2.0 A detailed statement of the problem
It has been noticed that a large number of Australian people are dying of heart and some other diseases and many people are hospitalized every year. Blood is an essential thing for a human body to transmit oxygen. Many types of risk are involved in blood donation process like bruising, bleeding, pain, dizziness, physical weakness, etc. . The donor should be aware of such risks that are involved in donating blood (Custer et al., 2015). As the donors play a very important role in the blood donation with a decisive role that will protect the entire society of Australia, it is important to resolve their queries and make them understand about the positive side of blood donation. Sometimes, it has been seen that the donors face with many problems and they have many questions regarding blood donation.. There are a very few blood donation service organisation that provide proper information or relevant solution to such issues on blood donation. The main issue arises when very less number of people is seen to donate blood to the organisations or people in need. Around 9 million Australians are eligible enough to donate blood. However, as per the records, there are only 3% of this entire lot, which actually come forward to donate blood (, 2016).

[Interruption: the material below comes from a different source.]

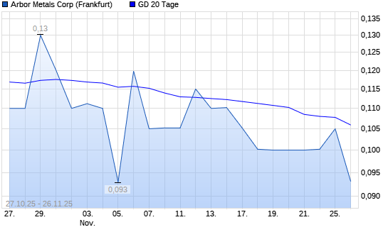 Mit dem Anstieg auf 0,11 EUR hat die Arbor Metals-Aktie am 25.11.2025 die 20-Tage-Linie nach oben gekreuzt.Die Arbor Metals-Aktie befindet sich seit dem 26.03.2025 im langfristigen Abwärtstrend ...weiterlesen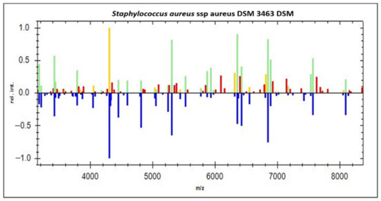 - Josten, M.; Reif, M.; Szekat, C.; Al-Sabti, N.; Roemer, T.; Sparbier, K.; Kostrzewa, M.; Rohde, H.; Sahl, H.G.; Bierbaum, G. Analysis of the matrix-assisted laser desorption ionization-time of flight mass spectrum of Staphylococcus aureus identifies mutations that allow differentiation of the main clonal lineages. J. Clin. Microbiol. 2013, 51, 1809–1817. [Google Scholar] [CrossRef]

There are several blood donation service committees in Australia that believes in gaining the confidence of the public regarding. The supply of blood is necessary to be maintained and knowledge of public is necessary to create so that more people can be attracted towards this good cause. The committee plays an important role in creating such awareness in the minds of the public in Australia and it maintains a proper process of blood donation and collection. In this way, the blood donors are directly associated with blood service and with many people who are employed in Red Cross Blood Services in Australia (Shrestha et al., 2016).

3.0 Research aim, objectives and research questions
The business research assignment aims at the advertising on the blood donation and collection of Red Cross Blood Donation and compliance of the rules and regulations in the blood donation process with some current principles.

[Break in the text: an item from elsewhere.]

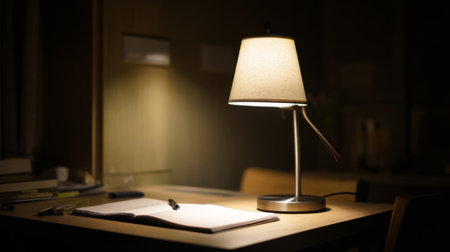 A softly lit workspace features a stylish desk lamp illuminating an open notebook, inviting creativity and reflection in a calm and cozy environment.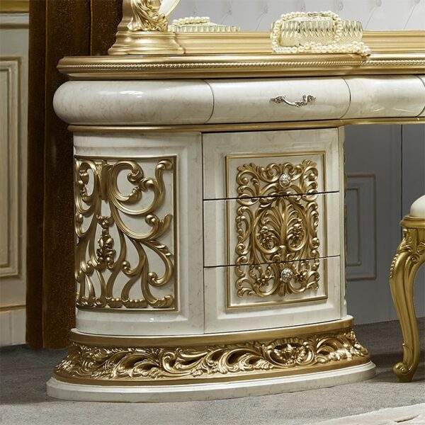 Coordinated vanity/dresser unit with a sculpted mirror frame and intricate golden crown carving

The main objectives of this business research assignment work are the following:

  • To determine the outcomes of the advertisement in the working fields of blood donation service
  • To test the state of mind of the blood donors in some potential areas and follow some strategies that will be effective in the blood donation service.
  • To determine how many blood donors are participating in the blood donation in Australia
  • To make an analysis of the influence of advertisement on the donation service of the organ in Australia

The business research assignment questions are the following:

  • Does the advertisement for developing the working fields of blood donation have any profitability for the welfare of the public in Australia?
  • Is it possible to develop working procedures in the process of blood donation for public welfare with the help of advertisement?
  • What are the strategies that should be followed for developing the working system for blood donation in Australia?
4.0 Justification and potential output of the research project
There is a justification in following this research work for making the service of the blood donation and collection through the services of Red Cross Blood Services in Australia (Storry et al., 2014). After reviewing the subject, it can be noticed that the authors have mainly focused on the problems faced by the blood donors in Australia and how the service of blood donation can be improved with the help of advertisement (Fahimnia et al., 2017). While explaining the rationale of the study, three main points come out and they are the following:

What are the issues?
The issues are the problems that are faced by the blood donors and some other problems in Australia. The blood donors are facing various health and other problems and those problems should be resolved (Stacey et al., 2017). The other issues are the faults in the rules and regulations in the blood donation procedures. There are a very few people in Australia who are actually willing to donate blood voluntarily or even when required (Streiner, Norman & Cairney, 2015).

Why are the issues?
The issues are highlighted because the above-mentioned issues are creating hindrances in the blood donation process and the public of Australia are suffering ultimately. The intention of this research is to make public welfare thorough blood donation service. These issues persists due to lack of proper knowledge regarding blood donations. People, who have least knowledge about diseases like leukemia, thalassemia, jaundice, etc, should be made aware about the major issues that put lives of million people to risk (Li et al., 2016).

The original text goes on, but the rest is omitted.